Another key tool in Schlumberger’s BHA optimization toolbox is the OptiDrill real-time drilling intelligence service, which monitors surface and downhole data and enables event detection and customized reporting. Rigsite displays integrate the downhole and surface data to provide actionable information, allowing the operator to mitigate risk and increase downhole drilling efficiency.
The real-time data is interpreted by remote Schlumberger experts, who collaborate with drilling engineers onsite to improve performance. The surface data is integrated with borehole calipers and images from LWD logs to evaluate wellbore stability throughout the drilling process; combined with the detection of spiraling for bending moment data, this information helps operators drill a smoother wellbore for running casing.
A suite of downhole drilling mechanics and dynamics subs allows the service to identify the type and severity of BHA motions, calculating continuous borehole friction and factors that cause drillstring failures, equipment damage and issues like stuck pipe. The service is intended to be used for both short-term parameter optimization to improve ROP, as well as long-term analysis of trends, performance limiters, risk on future wells and process improvements.
An operator in the Gulf of Mexico undertaking a salt drilling campaign in 2018 was looking to optimize common rig activity, enhance drilling operations and improve benchmark performance while ensuring adherence to strict HSE guidelines during well construction. “By using the OptiDrill service,” Mr Johnson explained, “the operator actively managed shock and vibration through real-time drilling parameter optimization recommendations, which led to average on-bottom ROP improving from 73 ft/hr to 141 ft/hr.”
Schlumberger is also working to develop new technologies that can be run with wired drill pipe for ultrahigh-speed data transmission. Advancements into BHAs that can function within new energy applications, such as geothermal, are also part of the company’s ongoing research and development efforts.
Design optimization app
Corva believes that software should not only help select better pieces of downhole equipment to comprise the BHA itself but also allow optimization of drilling parameters and performance via the knowledge gained from apps. The company’s BHA Optimization App, which can be accessed via a web-based platform, provides customizable monitoring and analytics tools built on understanding live data from the field and determining optimal parameters with it.
Senior Customer Success Manager Darhan Sydykov notes that at the core of the BHA optimization app is this question: “What, exactly, is a good BHA?” With BHA design varying dramatically based on factors such as downhole conditions, wellbore geometry, well location, available resources, and geology and lithology, there is no one clear answer.
In the past, drilling engineers might review BHA performance data – often delivered in individual reports – from a drilling campaign, aggregate the data, analyze it and make a recommendation on any changes moving forward.
This repetitive, time-consuming process saw technical experts becoming what Mr Sydykov calls “data wranglers,” with many spending around 80% of their time looking through the data and only 20% using that data to make more effective decisions.
Corva argues that this percentage should be the other way around, with the data being presented in a clear and easy-to-understand way up front to provide drilling teams with more time to analyze it and develop an appropriate plan. Users can filter data to make more relevant comparisons.
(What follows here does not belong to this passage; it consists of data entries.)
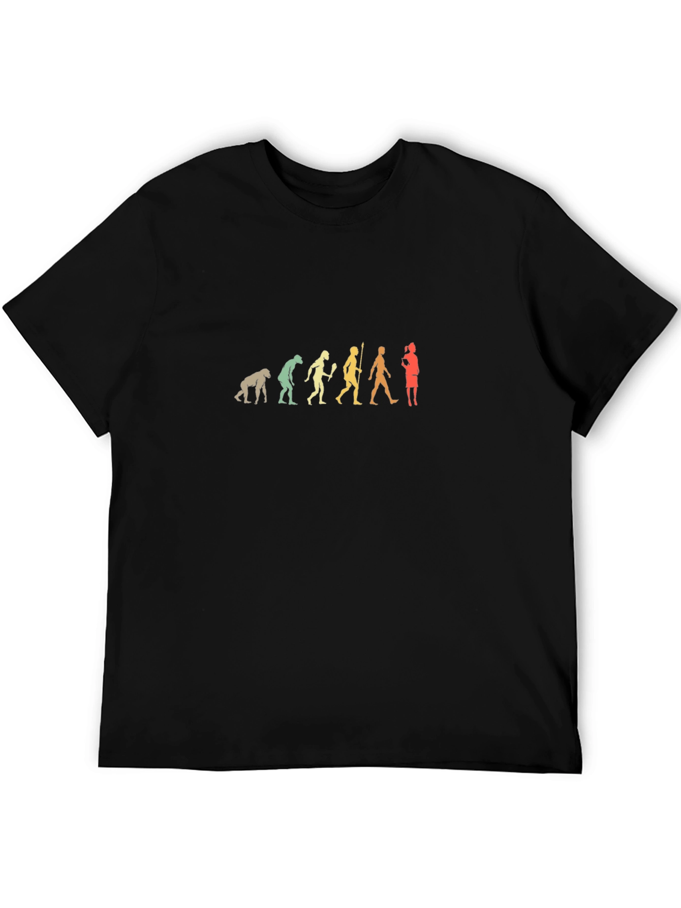 Show off your love of women's progression with this stylish black t-shirt. The shirt features an artistic rendering of the evolution of women from ape to modern woman, depicted in a retro color palette. Made from comfortable, breathable fabric, this tee is perfect for everyday wear. Wear it casually with jeans or dress it up with a blazer. Ideal for casual outings, lounging at home, or making a statement about women's empowerment. A great gift for the strong woman in your life!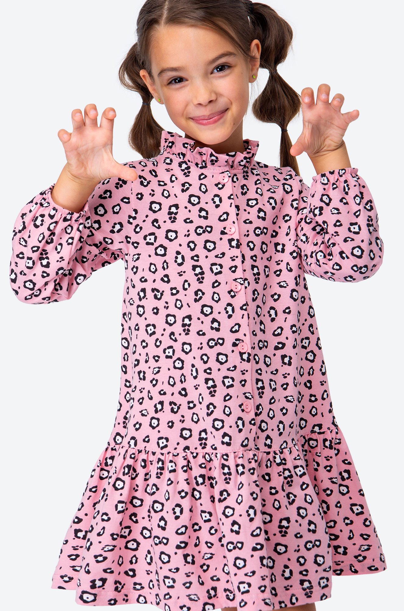 Детское розовое платье для девочки выполнено из натурального 100% хлопка. Свободный крой, длинный рукав, удобная застежка на пуговицы – каждая деталь создана для комфорта ребенка. Благодаря трендовому леопардовому принту, кокетливому воротнику-стойке и воздушным сборкам на юбке девочка будет чувствовать себя принцессой в любой ситуации.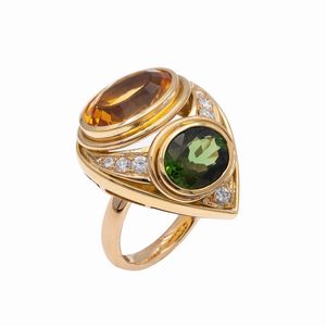 Anello in oro giallo 18kt quarzo citrino e peridoto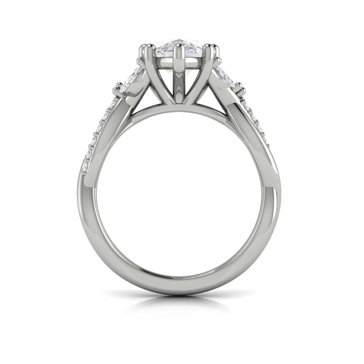 Vintage Style Pear Shaped Diamond Engagement Ring with a Diamond Twist Band. 14K White Gold CATHEDRAL Band SET WITH MARQUISE AND ROUND BRILLIANT DIAMONDS. THE COMBINED TOTAL Diamond weight is 0.33CTW. This style is available in white, rose, or yellow gold. Available in Lab grown. Contact store for lab pricing. -C003707

The process begins with ensuring that the app is fed with good data. “First,” Mr Sydykov noted, “wellbore schematic and directional plan are uploaded to Corva’s cloud-based system, automatically generating a template of the well from this static information. Then, we tie into live rig data via a WITSML stream so that users receive a real-time view of what’s going on with their BHA. Real-time rig-state detection, accomplished via a proprietary algorithm, allows for detailed visualization, so that users always know BHA conditions and drilling parameters. BHA and mud reports from the field are also input to allow real-time torque and drag modeling, hydraulics modeling, and other more advanced functionalities.”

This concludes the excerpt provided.